Family of extinct elephant-like mammals

Stegodontidae (from the Ancient Greek στέγω (stégō), meaning "to cover", and ὀδούς (odoús), meaning "tooth", named for the distinctive ridges on the animal's molars) is an extinct family of proboscideans from Africa and Asia (with a single occurrence in Europe) from the Early Miocene (at least 17.3 million years ago) to the Late Pleistocene. It contains two genera, the earlier Stegolophodon, known from the Miocene of Asia and the later Stegodon, from the Late Miocene to Late Pleistocene of Africa and Asia (with a single occurrence in Greece) which is thought to have evolved from the former.
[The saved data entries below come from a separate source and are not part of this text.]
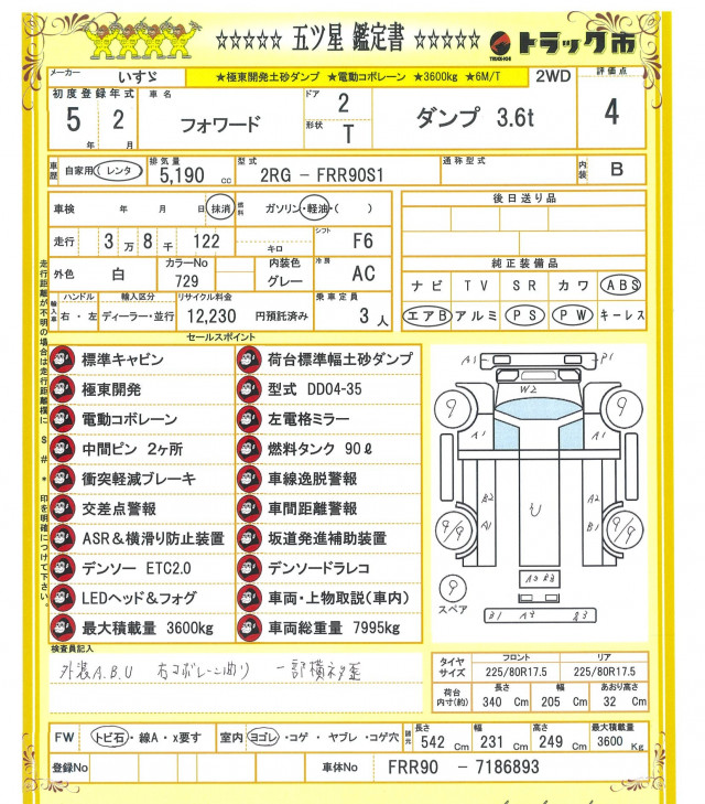 ☆土砂ダンプ☆極東☆標準キャビン☆荷台標準幅☆電動コボレーン☆中間ピン2ヶ所☆左電格ミラー☆衝突軽減ブレーキ☆坂道発進補助装置☆交差点警報☆車線逸脱警報装置☆車間距離警報☆ASR&横滑防止装置☆LEDヘッドライト☆ETC2.0☆ドライブレコーダー☆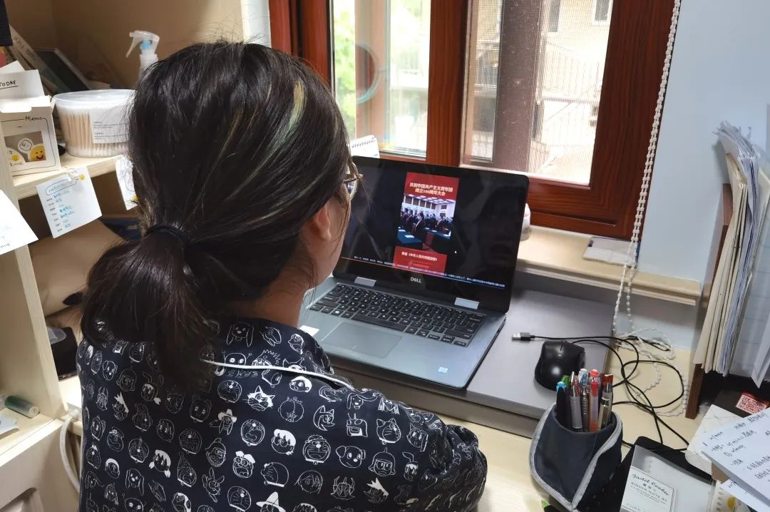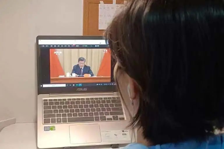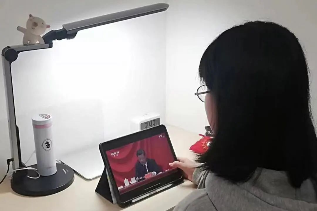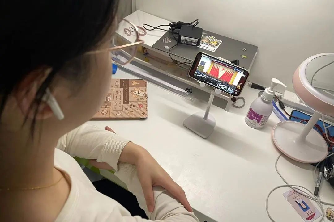 同学们通过手机、平板、电脑等方式观看,在开始直播、视频音乐响起的那一刹,每个同学都全神贯注、聚精会神地观看直播,认真学习。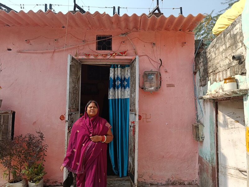 Walls here are mostly of unplastered brick and roofs are typically made of asbestos cement sheets, stone slabs, or tin. Ventilation is limited as narrow lanes restrict airflow and most houses share walls. This creates a heat trap[11] where the roof becomes the primary entry point for heat. During summers, these heat through the roofs make it difficult for residents to stay indoors. “We try to seek shade under trees as much as possible during summers,” shares Sahnaaj, a resident.

The group is noted for their plate-like lophs on their teeth, which are similar to elephants and different from those of other extinct proboscideans like gomphotheres and mammutids, with both groups having a proal jaw movement utilizing forward strokes of the lower jaw. These similarities with modern elephants were probably convergently evolved. Like elephantids, stegodontids are thought to have evolved from gomphothere ancestors.

==Taxonomy==
Stegodontidae was named by Osborn (1918). It was assigned to Mammutoidea by Carroll (1988); to Elephantoidea by Lambert and Shoshani (1998); and to Elephantoidea by Shoshani et al. (2006). While Stegodon was historically considered an elephant, this is now largely rejected, with the similarities considered to be convergent. Stegodontidae has often been suggested to be closely related the "tetralophodont gomphotheres" and Elephantidae within Elephantimorpha regardless, though the position of Stegodontidae within Elephantimorpha is uncertain and possibly considerably more basal (early diverging), with a 2025 study recovering with weak support that they were most closely related to Mammutidae (true mastodons). It has been suggested that the lineage of Stegolophodon emerged from that of "Gomphotherium" annectens.